Resumo:
We prove that high simulated performance is easily achievable after backtesting a relatively small number of alternative strategy configurations, a practice we denote “backtest overfitting”. The higher the number of configurations tried, the greater is the probability that the backtest is overfit. Because most financial analysts and academics rarely report the number of configurations tried for a given backtest, investors cannot evaluate the degree of overfitting in most investment proposals.
The implication is that investors can be easily misled into allocating capital to strategies that appear to be mathematically sound and empirically supported by an outstanding backtest. Under memory effects, backtest overfitting leads to negative expected returns out-of-sample, rather than zero performance. This may be one of several reasons why so many quantitative funds appear to fail.
The authors’ argument is that, by failing to apply mathematical rigour to their methods, many purveyors of quantitative investment strategies are, deliberately or negligently, misleading clients.

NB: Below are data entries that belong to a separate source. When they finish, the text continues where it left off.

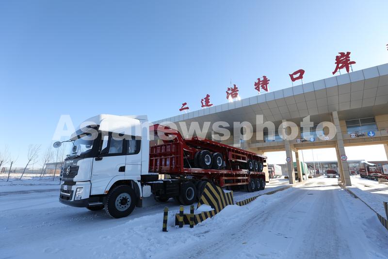 图片说明:2023年12月16日,出口商品车从二连浩特公路口岸快速通关。
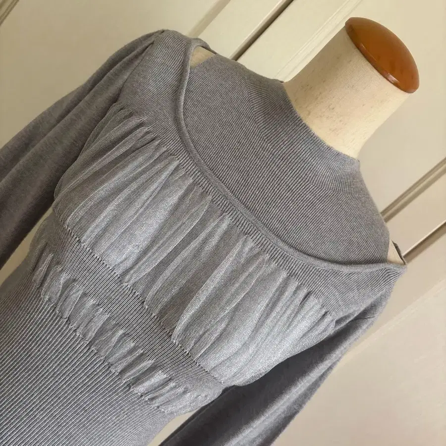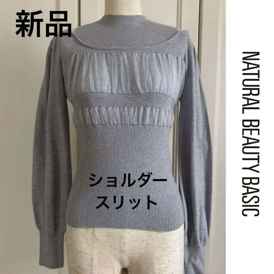 새상품 내추럴 뷰티 베이직 숄더 슬릿 튤 니트
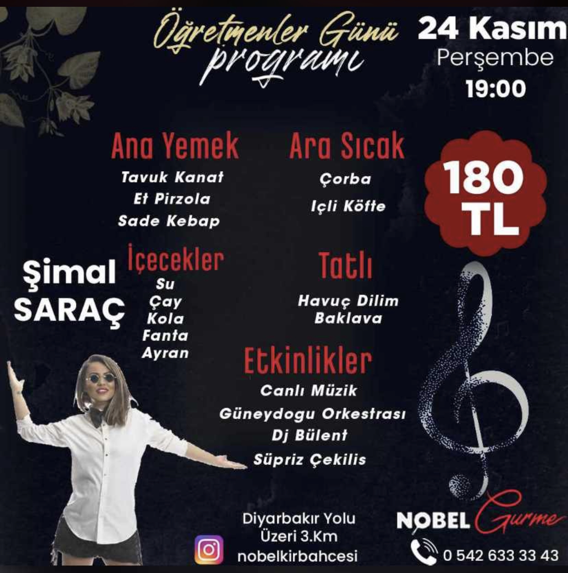Şanlıurfa Nobel cafede öğretmenler gününe özel proğram düzenlenecek. 24 Kasım Öğretmen gününe özel gerçekleşen olan gecede bir birinden farklı etkinlikler yapılacak.

It is reasonable to want to test a promising investment strategy to see how it would have performed in the past. The trap comes when one keeps tweaking the strategy until it neatly fits the historical data. Intuitively, one might think one has finally hit upon the most successful investment strategy; in fact, one is likely to have hit only upon a statistical fluke, a false positive.
This is the problem of “over-fitting”, and even checks against it – such as testing in a second, discrete historical data set – will continue to throw up many false positives, the mathematicians argue.
Do not despair. The paper does not conclude that history is bunk, just that backtesting ought to require more statistical thought than investment managers need to display to make a sale to investors.